Differiscono anche le spiegazioni sulla dinamica dell’accaduto fornite dai due paesi. Mosca parla di un missile terra aria. Ankara di un abbattimento eseguito dai propri F-16. Differenza non di poco conto perché, con la loro versione ufficiale, i turchi possono dire, come hanno fatto, che il Sukhoi è stato invitato molte volte a lasciare lo spazio aereo della Turchia.

I russi sottolineano che il loro velivolo si è abbattuto in territorio siriano e per questo l’addetto militare della Turchia a Mosca è stato convocato al ministero degli esteri russo.
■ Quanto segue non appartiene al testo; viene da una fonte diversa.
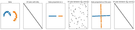 From left to right: Data (moons); OT plan obtained with GW for ; Data projected on the first axis; OT plan obtained between the projected measures; Data projected on their first PCA component; OT plan obtained between the the projected measures.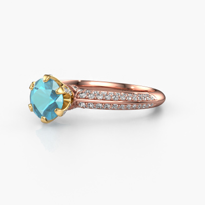 The ring shown above is called the Abby. We call this type of ring a pavé solitaire ring because it has one centre gemstone and a band that is also pave set with gemstones. The 14 Carat rose gold engagement ring is set with a round 6.5 mm blue topaz centre stone and the band is pave set with diamond gemstones. Each jewel is made just for you by our master goldsmiths in our own studio.This exclusive rose gold pavé solitaire engagement ring has an exquisite round blue topaz centre stone. To further accentuate the centre stone, the band is fully set with more diamonds. Its open prong setting allows light to strike the blue topaz from various angles and this adds sparkle to your blue topaz ring. The photo shown above depicts the goldsmith's carefully handcrafted details of the ring. The high positioning of the centre stone is truly eye-catching. The perfect engagement ring for the crown jewel of your life! Are you on a budget? Please feel free to contact us, so we can go discuss your options. We offer our engagement rings at guaranteed best price, because we make them to order. You won't find such a price anywhere else!Our team adds new designs to our online collection daily. Our designers and goldsmiths work together in creating the best design. We strive to offer a diverse collection of jewels. Perhaps you have a specific jewel design in mind. One you came across somewhere. Please contact us for a free consultation. We will make you an offer, based on a fair price/ quality ratio, that will baffle you.To make it easier for you, we offer a 30 day return policy. Check our terms and conditions.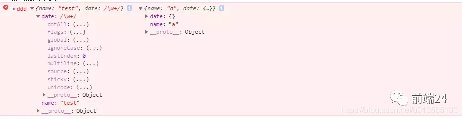 const test = { name: 'a', date: new RegExp('\\w+'),};// debuggerconst copyed = JSON.parse(JSON.stringify(test));test.name = 'test'console.error('ddd', test, copyed)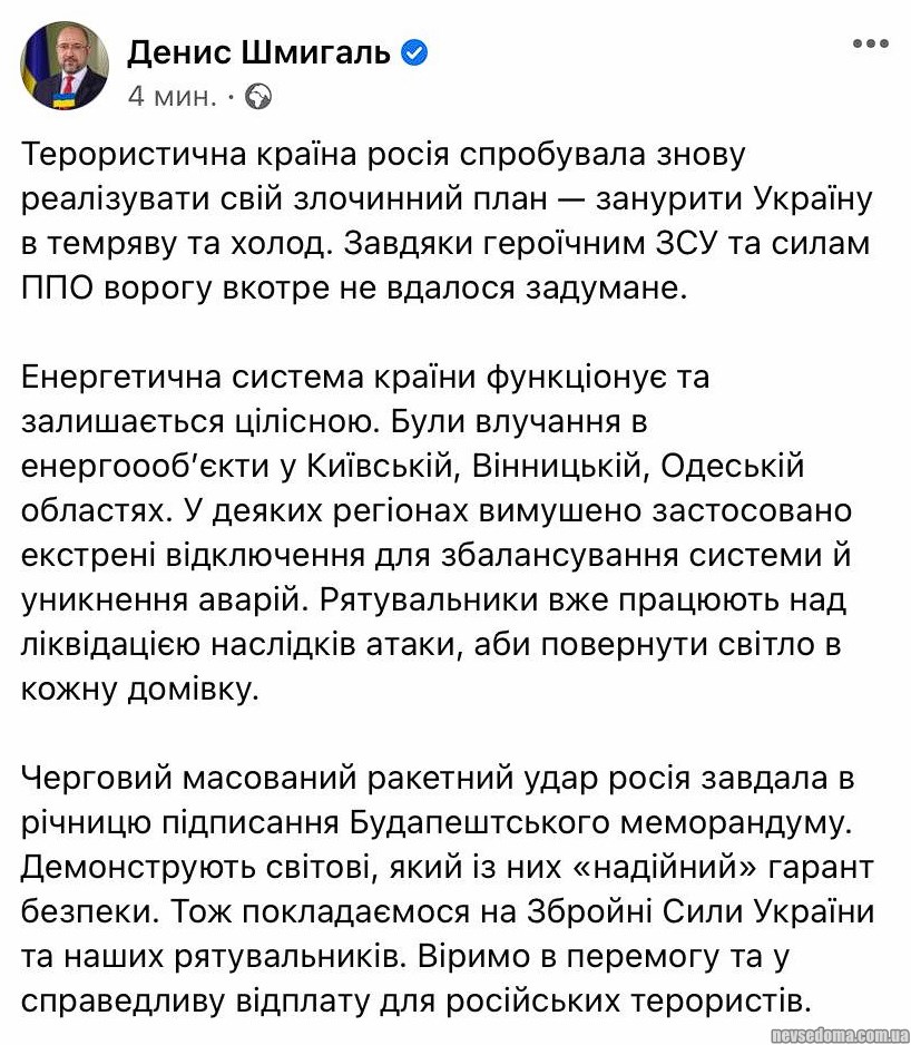 - Енергетична система країни працює і залишається цілісною. Були потрапляння до енергооб'єктів у Київській, Вінницькій, Одеській областях, повідомляє Денис Шмігаль.

Il Presidente Vladimir Putin ha parlato del fatto come di un “delitto” e di una “pugnalata alle spalle ricevute dai protettori dei terroristi”.

Il Presidente russo ha aggiunto che l’abbattimento dell’aereo porterà a delle conseguenze drammatiche tra i due paesi anche perché, ha aggiunto, si era giunti a fissare precise regole d’ingaggio anche con la Turchia proprio per evitare ogni incidente tra le diverse forze aeree.

La Turchia ha chiesto una riunione urgente dei vertici Nato, alleanza di cui Ankara fa parte. Anche su questo aspetto Putin ha commentato sostenendo che i turchi si comportano come se fossero stati i russi ad abbattere un loro aereo e non il contrario.